Ofqual’s recent confirmation that the ‘statistical model’ to be used by the boards will be based on actual results from the last three years is very helpful. Once Ofqual confirm the details, this process can easily be replicated at each school, so enabling schools to ensure that the centre assessed grades they submit already comply with the rules, and so will have a high likelihood of being confirmed, rather than being over-ruled. A key indicator is therefore the ratio of confirmed centre assessed grades to the total number submitted: the closer this is to unity, the more successful the process. This ratio should be measured at every school, for each subject, for each board, and for the process overall.

Unfortunately, the situation in Scotland is very different, for, in a recent letter from the SQA’s Chief Executive and Chief Examiner to the Scottish Parliament Education and Skills Committee, the answer given to the question ‘Will the methodology for moderation be published in advance of teachers submitting estimates to the SQA?’ was ‘no’.

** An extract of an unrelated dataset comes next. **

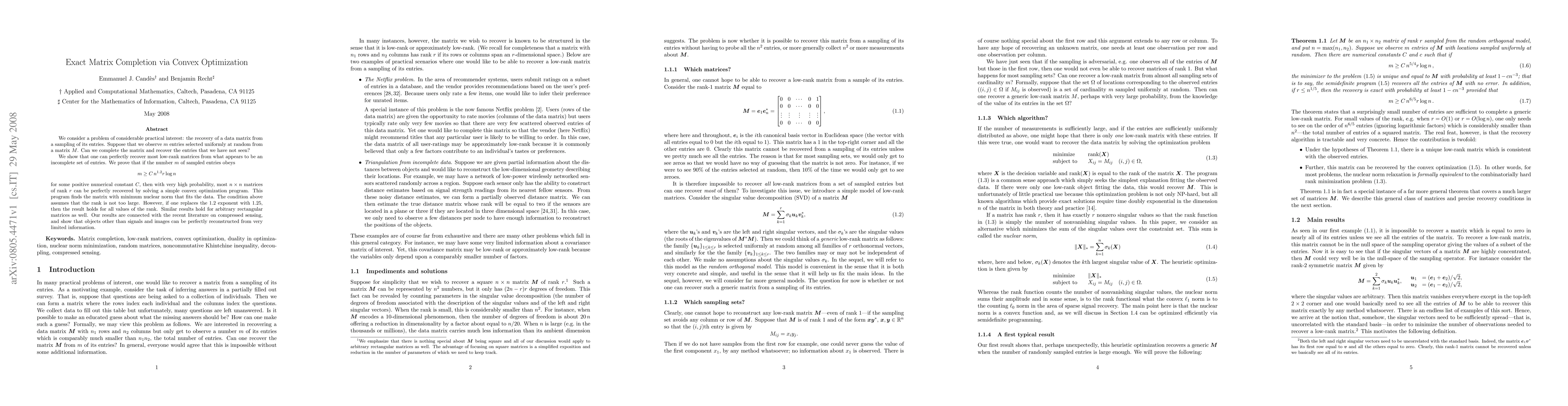 Researchers developed a method to recover low-rank matrices from incomplete data using convex optimization. With sufficient samples, the method can perfectly reconstruct most matrices of rank r with high probability.

Scottish teachers are therefore throwing darts at a moving dartboard. In the dark. And a dartboard with 13 grades – which, in my opinion, is far too many. I fear that teachers are being set up to fail, which is in no one’s interests. If it is the ‘statistical moderation’ that will ultimately determine the grades, why ask schools to submit grades at all? All they need submit is the rank order – which is what determines fairness – and then the ‘statistical moderation’ process can determine whatever grades it likes.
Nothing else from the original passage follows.